Прошло более десяти лет, сменилось руководство советской страны, «потеплела» внутриполитическая обстановка. Указом Президиума Верховного Совета СССР от 16 июля 1956 года чеченцы, ингуши и карачаевцы вместе с семьями были сняты с учета специальных поселений и освобождены из-под административного надзора органов МВД СССР.

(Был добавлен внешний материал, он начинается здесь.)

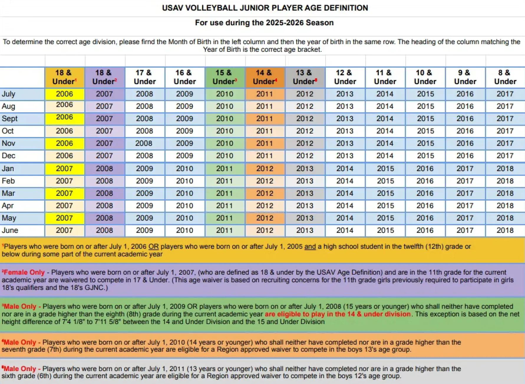 11U-14U Evaluation Camps, Pre-Tryout Open Gyms, and Tryouts will be held in October.
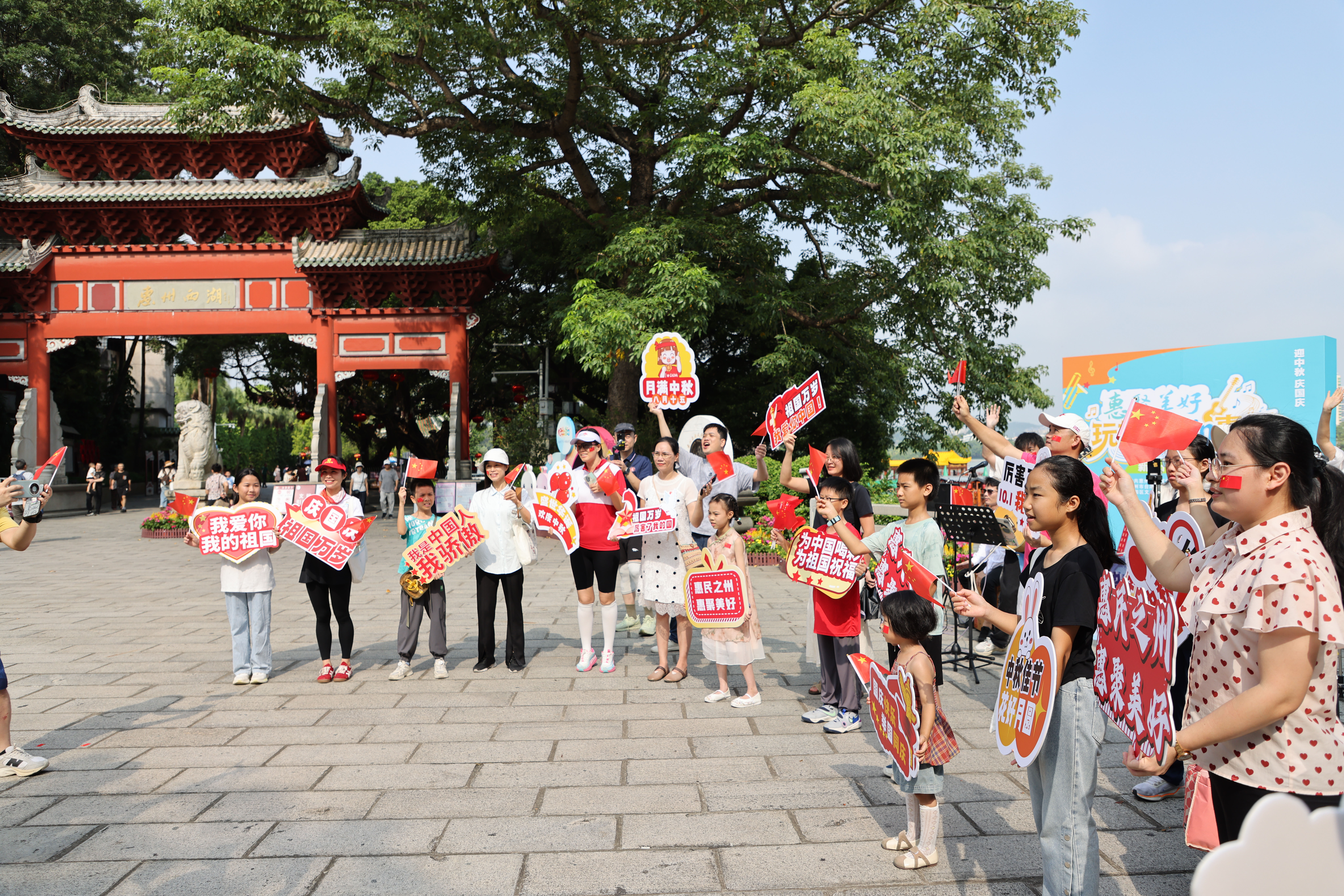 “我愛你中國。”“祝祖國生日快樂!”在吉他優(yōu)美弦樂中,參與快閃活動的市民游客還通過惠州日報視頻號直播鏡頭,向全國觀眾朋友大聲喊出節(jié)日問候,傳遞祝福,將活動氣氛推向高潮。
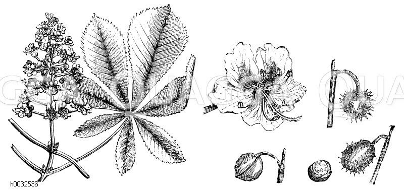 Rostkastanie: Zeichnung/Illustration/Holzstich – Aesculus hippocastanum – horse-chestnut, conker tree (Aesculus hippocastanum) – marronnier commun (Aesculus hippocastanum)
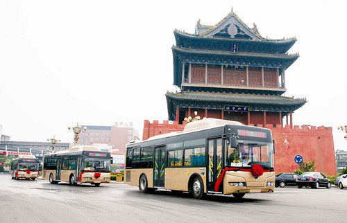 6月23日,臨汾市新購(gòu)回的新型清潔燃料空調(diào)公交車(chē)從鼓樓前駛過(guò)。該市購(gòu)置回85輛新型公交車(chē),確保城市公交與高鐵客運(yùn)站、城西客運(yùn)一級(jí)站、火車(chē)站及喬李民航機(jī)場(chǎng)的無(wú)縫銜接,方便又環(huán)保。
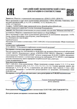 Гель для лица “Millenium extra help gel”
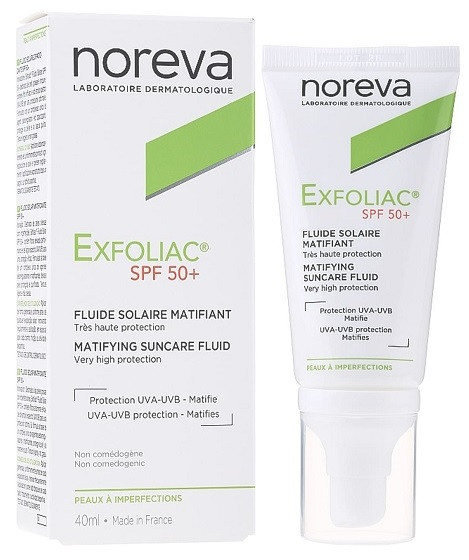 ضدآفتاب پوست چرب EXFOLIAC نوروا Mattifying Suncare Fluid SPF50+ از برند Noreva یک محصول محافظتکننده از پوست در برابر آفتاب است که به طور خاص برای پوستهای چرب و مستعد آکنه طراحی شده است. این محصول با فرمولاسیون منحصر به فرد خود، به مات کردن و تصفیه پوست کمک می کند و در عین حال از پوست در برابر اشعههای مضر UVA و UVB محافظت می کند.

9 января 1957 года указом Верховного Совета СССР была восстановлена автономия Чечено-Ингушской АССР в составе РСФСР, а в следующем указе от того же 9 января установлены границы воссозданной республики, в которую вошли три исконно казачьих района – Наурский, Каргалинский и Шелковской, ранее не входившие в состав ЧИ АССР. Зато часть Пригородного района осталась в составе Северо-Осетинской АССР. Хотя запрещение чеченцам и ингушам проживать на Кавказе было объявлено утратившим силу, несколько горных районов Чечни оказались закрытыми для проживания. Бывших жителей этих районов стали селить в плоскостных аулах и казачьих станицах. Чеченцы-ауховцы, вернувшись в Дагестан, не обрели вновь своих родных аулов и национального района.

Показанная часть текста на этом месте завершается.